В палате наступила тишина. Маша посмотрела на свои переплетенные пальцы, вспоминая любимых поэтов. Она мысленно подбирала стихотворение, которое бы хотела прочесть, а губы уже тихо шептали:
Как больно, милая, как странно...
Маша замолчала, смущенно нахмурившись. Здесь нельзя читать такое.
- Простите, сейчас вспомню другое.
- Зачем? Нет-нет, - запротестовал Николай Васильевич. - Продолжайте! - И, прищурив глаза, спросил:
- Это ваше творение?
- Кочетков, - понимающе улыбнулась Маша.
- Продолжайте, прошу вас, - как бы облегченно вздохнул Николай Васильевич.
Выдержав паузу, чтобы собраться с духом, Маша начала читать.
Тихо, печально звучали слова, как молитва, как исповедь. Трагическая философия, замешенная на безысходности и святой надежде, плавно текла из уст девушки. Больные чутко прислушивались к голосу чтицы, боясь пропустить малейшее изменение интонации, слово, каждое из которых несло свой неповторимый смысл.
Маша положила руку на край Балериной кровати, словно нуждалась в опоре. Печальные глаза смотрели далеко за окно, и губы, как заклинание, шептали:
С любимыми не расставайтесь,
Всей кровью прорастайте в них...
Скрипнула кровать; раздраженной молнией пронеслось в воздухе немое недовольство слушателей на помеху. Маша шепотом закончила стихотворение, пряча слезы, и замолчала.

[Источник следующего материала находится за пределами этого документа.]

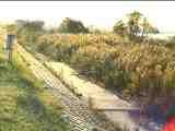 美浦村木原の湖岸に取水施設があります。許可標識には、「取水施設及取水樋管」、占有目的は「水道事業の為」としか表示されていません。これでは、何の施設かよくわかりませんね。この施設は、土浦市など霞ヶ浦流域市町村の上水道水を取水する施設になっています。「霞ヶ浦の水が上水道として供給されたのは、五七年に認可された霞ヶ浦水道組合(県、土浦市、阿見町)が最初。その後、県が事業を継承し、取水口を土浦市大岩田地先から美浦村木原沖に移した。」 (『霞ヶ浦、21世紀へ 世界湖沼会議の記録』、常陽新聞社、1997、pp. 44-45) なるほど、ここがその取水施設だったのかとわかりました。ここから取られた水は土浦市大岩田の霞ヶ浦浄水場に送られ、浄水場から流域市町村に送水されています(→「〔97/10〕霞ヶ浦浄水場」)。また、木原にある日本TI美浦工場では、ここから取水された一日900トンの水道水を美浦村から買い入れていると言います(前掲書、pp. 29-30)。
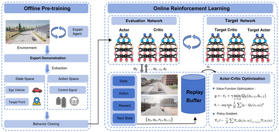 (1) Dual-Stage Learning Mechanism: This study introduces a supervised pre-training-RL dual-stage optimization mechanism, integrating expert knowledge-guided supervised pre-training with the Twin Delayed Deep Deterministic Policy Gradient (TD3) algorithm. During the supervised pre-training phase, BC is employed to optimize the controllability of initial policy gradient update directions, effectively mitigating the inherent sample efficiency limitations of RL algorithms. This approach significantly reduces the resource consumption and training time required for model development. In the online RL phase, the pre-trained policy is further refined through iterative interaction, which enhances the model’s performance ceiling and generalization capability across diverse scenarios.

Воцарилась тишина. Каждый по-своему переживал услышанное. Переживание вроде и объединяло людей, на себе познавших превратности судьбы, но в то же время вызывало глубоко спрятанные сокровенные мысли, утраты, сожаления, тоску, о которых не рассказывают - бережно хранят от суетности быта.

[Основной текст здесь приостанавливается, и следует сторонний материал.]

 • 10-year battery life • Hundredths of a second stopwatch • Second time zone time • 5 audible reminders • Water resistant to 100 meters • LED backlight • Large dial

Маша вздрогнула: теплая ладонь Валеры накрыла ее холодные пальцы и осторожно сжала тонкое запястье. Она мельком посмотрела на Валеру. Он лежал с закрытыми глазами, и только вздутая жилка на виске выдавала его волнение. Через несколько секунд его пальцы зашевелились, нежно погладили прохладную кожу ее руки.
- Спасибо, Маша, - сказал за всех Николай Васильевич. - Умное стихотворение. Я его очень люблю.

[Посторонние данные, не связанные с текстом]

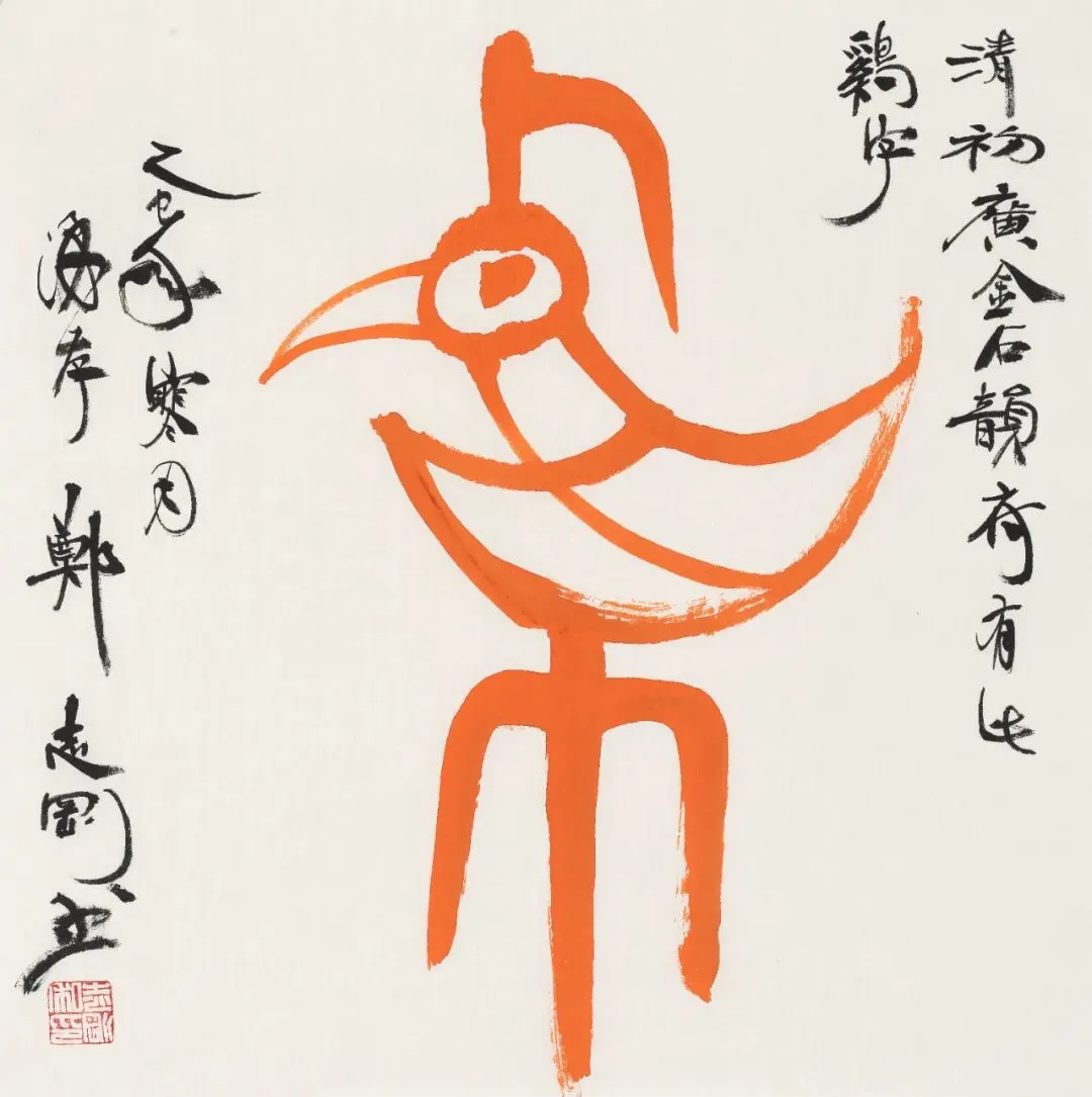 郑志刚书法作品 《广金石韵府~鸡》 50cm x 50cm 纸本设色 2025年

Маша молчала, не в силах отвести глаз от жилистой руки Валеры, от длинных пальцев с отросшими ногтями. Она улыбнулась внезапной мысли о ножницах Валере не мешало бы подстричь ногти, - и смахнула слезу.
- Мне пора, - сказала она.
Пальцы вокруг ее запястья сжались сильнее. Не открывая глаз, Валера повернул голову к Маше. Она мелко и часто дышала, боясь нарушить немое перемирие между ними. Валера нащупал учащенный пульс и приоткрыл глаза.
- Ты придешь завтра, Маша?
- Ты хочешь? - Она замолчала, сердце подпрыгнуло в груди, спазм сжал горло.
Взгляд Валеры стал пронзительным, на долю секунды глаза дьявольски загорелись и потухли. Слабый лучик Машиной надежды угас в тумане его глаз. Она медленно освободила руку.
- Я приду завтра, - безжизненным голосом сказала Маша и встала.
Валера проводил ее тоскливым взглядом, молясь в душе, чтобы она оглянулась на прощание.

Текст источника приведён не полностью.